Task objective
Return each line of the listing exactly, though without its images.

Recorded information
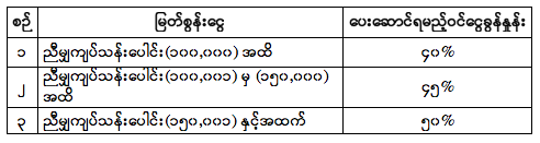 - အခြေခံသက်သာခွင့်(စုစုပေါင်းဝင်ငွေ၏ ၂၀ ရာခိုင်နှုန်း၊ ကျပ်သိန်း ၁၀၀ ထက်မပိုစေရ)
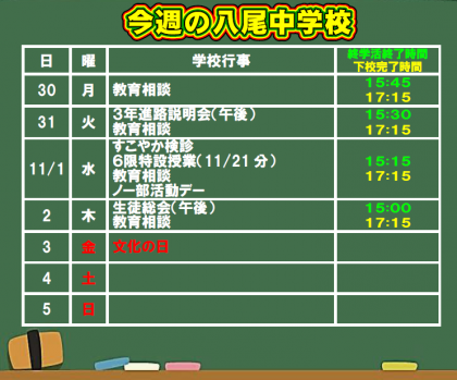 今週は31日(火)に、3年生徒と保護者を対象にした進路説明会があります。会場は体育館です。3年保護者の皆様には、ご多用のところ恐縮ですが、参加くださいますようよろしくお願いします。
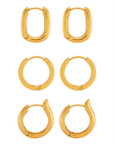 Includes: 3 Pairs of hoop earrings Material: 316L Surgical steel Plating Material: Gold Jewelry Care: Wipe clean orSpencer's Jewelry Wipes Imported Note: Do not use any harsh, alcohol-based chemicals as this may cause tarnishing Surgical steel may contain traces of nickel This is a decorative item and should not be worn to sleep.

Written response
 - အခြေခံသက်သာခွင့်(စုစုပေါင်းဝင်ငွေ၏ ၂၀ ရာခိုင်နှုန်း၊ ကျပ်သိန်း ၁၀၀ ထက်မပိုစေရ)
 今週は31日(火)に、3年生徒と保護者を対象にした進路説明会があります。会場は体育館です。3年保護者の皆様には、ご多用のところ恐縮ですが、参加くださいますようよろしくお願いします。
 Includes: 3 Pairs of hoop earrings Material: 316L Surgical steel Plating Material: Gold Jewelry Care: Wipe clean orSpencer's Jewelry Wipes Imported Note: Do not use any harsh, alcohol-based chemicals as this may cause tarnishing Surgical steel may contain traces of nickel This is a decorative item and should not be worn to sleep.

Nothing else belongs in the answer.